En considérant les choses sous cet angle, j’interpelle l’Etat du Sénégal, nos décideurs politiques, mais surtout les ministres concernés, à savoir le ministre de l’Education nationale, Mous­tapha Mamba Guirassy, et le Pr Daouda Ngom, ministre de l’Enseignement supérieur, de la recherche et de l’innovation, pour dire ceci : à l’heure où le Sénégal fait face à des défis majeurs (crise des valeurs, fragilisation de l’autorité morale et tensions sociales), il devient impératif de repenser la place de cet héritage dans les politiques publiques.

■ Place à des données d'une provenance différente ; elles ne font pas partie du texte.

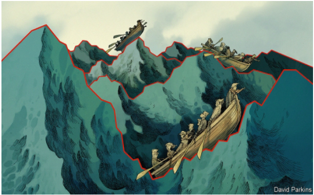 « Chercher du sens sur les marchés financiers, c’est comme chercher à s’orienter dans une mer démontée [19] ». Cette formule désabusée est tirée d’un article de l’Economist qui conclut avec une autre, tout aussi savoureuse : « avec le recul du temps, on trouvera de nombreuses incohérences dans la configuration actuelle des prix des actifs ». Mais, derrière cet understatement au parfum très british, l’éditorialiste, de son propre aveu déboussolé, se réfugie dans une interprétation psychologique plutôt qu’économique. Il évoque l’inquiétude, la peur, l’anxiété, une exubérance exagérée, les émotions, les humeurs, etc. Pour ajouter à la déprime, il ne manque plus au tableau que l’annonce rituelle par Nouriel Roubini, d’un « risque croissant » de récession et de crise en 2020 [20].
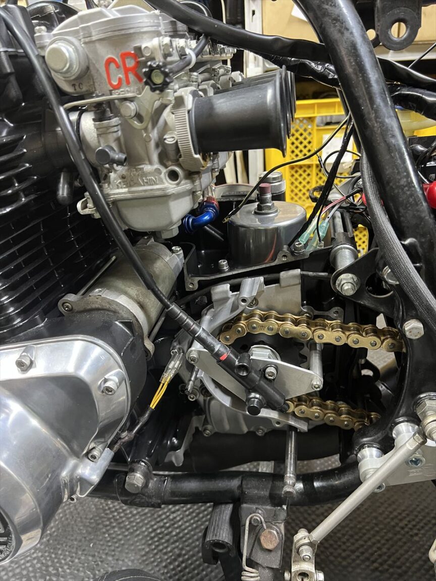 ブリーザーホースはコンパクトにまとめやすい90°ホースで下に出します。今日は時間切れでエンジン始動までできませんでしたが、明日は最終段階まで行けそうです。
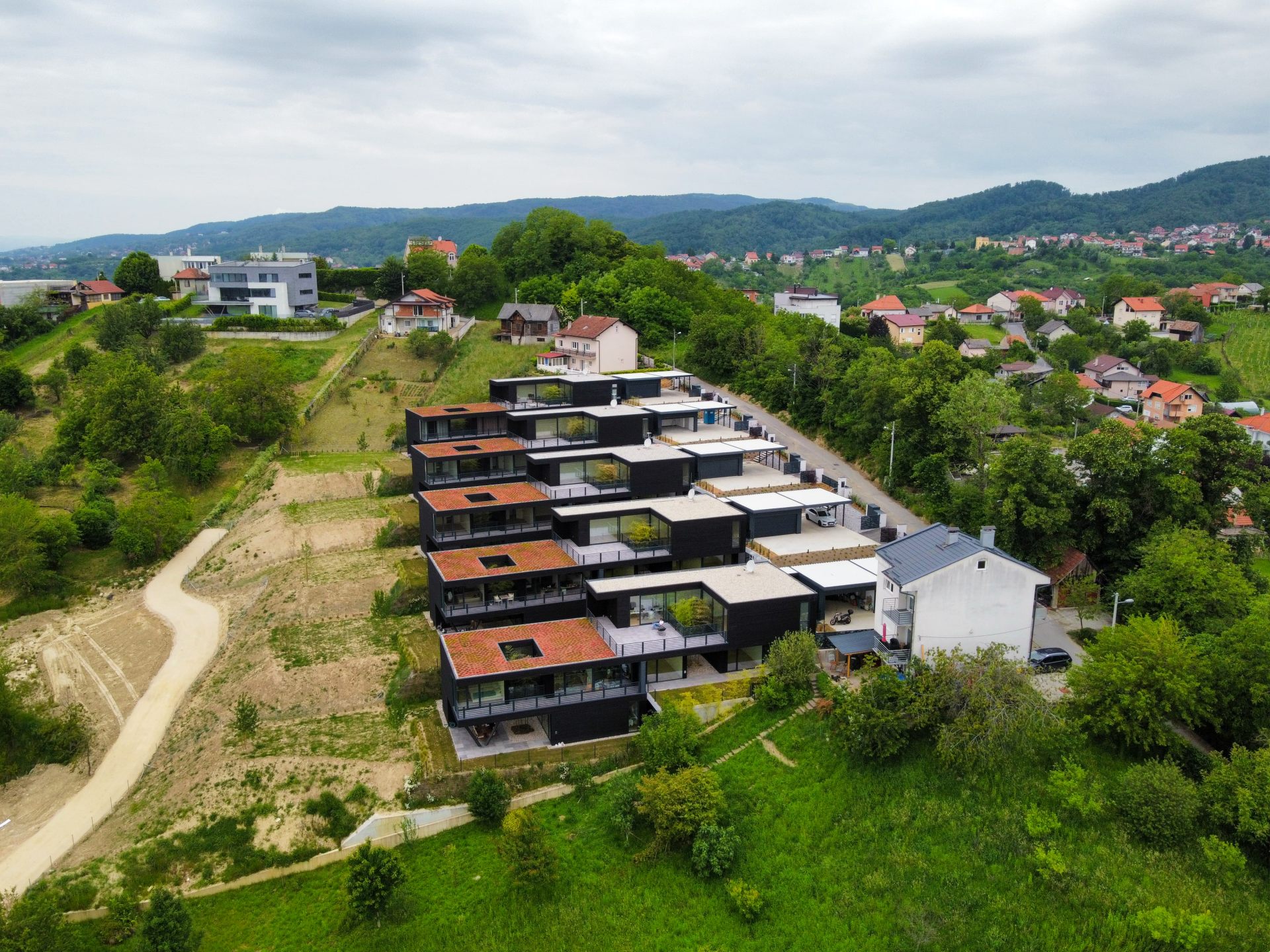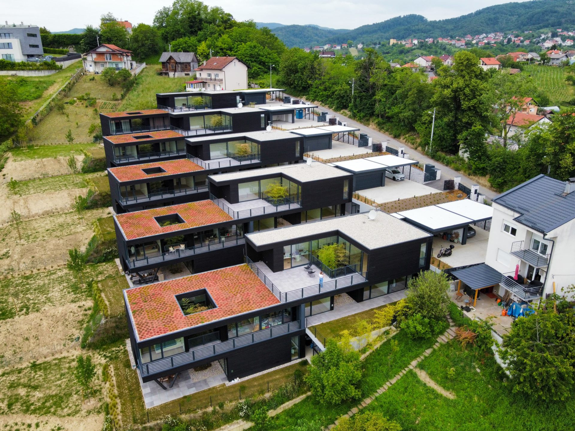 V okolici Zagreba je bil izveden projekt petih stanovanjskih hiš, zasnovanih kot dvojčki, kjer je vsaka enota namenjena bivanju dveh družin. Arhitekturno zasnovo je pripravil studio VEDA ART studio pod vodstvom Daria Šišaka, investitor projekta pa je podjetje Ecotectura d.o.o..

L’intégration effective de ces valeurs dans les programmes éducatifs et universitaires ne saurait être assimilée à une remise en cause de la laïcité. Elle relève plutôt d’une reconnaissance lucide des fondements sociologiques de l’Etat sénégalais. Reconnaître les pères fondateurs spirituels du Sénégal ne revient pas à opposer religion et République, mais à admettre que celle-ci s’est construite sur un terreau moral préexistant. Ignorer ce fait, c’est fragiliser l’édifice institutionnel.
Un Sénégal fort est un Sénégal qui assume toute son histoire, dans sa complexité, sa profondeur et sa richesse.